The Cubs Didn’t Fight for Beltran, and That’s Fine With Me

Filed under: — Jason @ 12:16 am

The Chicago Tribune’s Rick Morrissey thinks the Cubs didn’t fight hard enough in the Carlos Beltran sweepstakes:

We spent all those weeks thinking about what Beltran would look like in a Cubs uniform, when being comatose would have been a much better use of our time. Beltran apparently is off to the Mets. Just like that. Without much of a fight from the Cubs.

If the Cubs didn’t believe Beltran was the franchise player other teams thought he was, that would be one thing. Then we’d be having a broader discussion on scouting. The Cubs’ decision would have been based solely on talent evaluation. You could respect that, even if you might not agree with it.

But the Cubs obviously think Beltran is a star. Otherwise they wouldn’t have made him a five-year, $75 million offer. The Mets and Beltran agreed in principle Sunday on a seven-year, $119 million deal.

The Cubs had to know their offer wasn’t going to be nearly enough, but they made it anyway.

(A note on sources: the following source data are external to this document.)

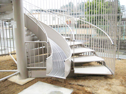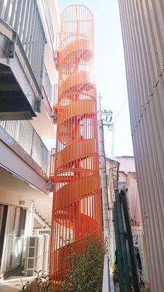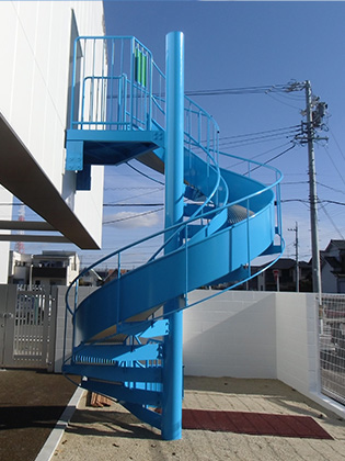 建築物に固定ており構造上の安全性が高く、らせん型は多くの場合2階から10階までに対応した製品となっており、各階からの利用が可能です。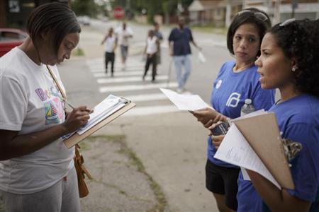 Get Covered America volunteers Cynae Derose (C) and Jalisa Hinkle (R) talk with Shirese Davis about the Affordable Care Act while canvassing a Chicago neighborhood, September 7, 2013. Credit: Reuters/John Gress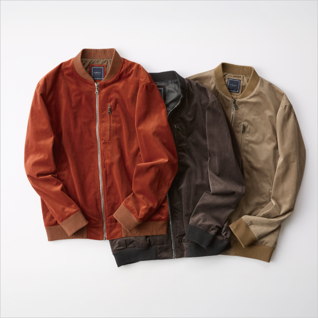 ベロアの滑らかな起毛感とツイルの丈夫さが◎。生地の質感のクールさと、ブルゾンのカジュアルさを併せ持った一着です。

So this was all about money and wishful thinking, as it almost always is, and the Cubs came up short, as they historically have been known to do.

So, apparently, the Cubs were to just hand Beltran a contract and say, “Here, there’s a blank for ‘years’ and a blank for ‘dollars’. Kindly fill them in.”

As Derek Smart explains at The Cub Reporter (here and here), no thanks.

Number of times Beltran has finished in the top-10 in the league in OBA.: 0.
Number of times Beltran has finished in the top-10 in the league in Slg.: 0.

Carlos Beltran is very fine player. I would have loved to have had him for 5 years, $75M. But he’s not Mickey Mantle, who, by the time he was Beltran’s current age, had already led the league in adjusted OPS 4 times (and finished second 3 other times).

Something else that (as far as I can tell) has been ignored: Signing Beltran for the years and the dollars the Mets gave him would have restricted the Cubs’ ability to sign Aramis Ramirez to a long-term contract, and after him Mark Prior and Carlos Zambrano.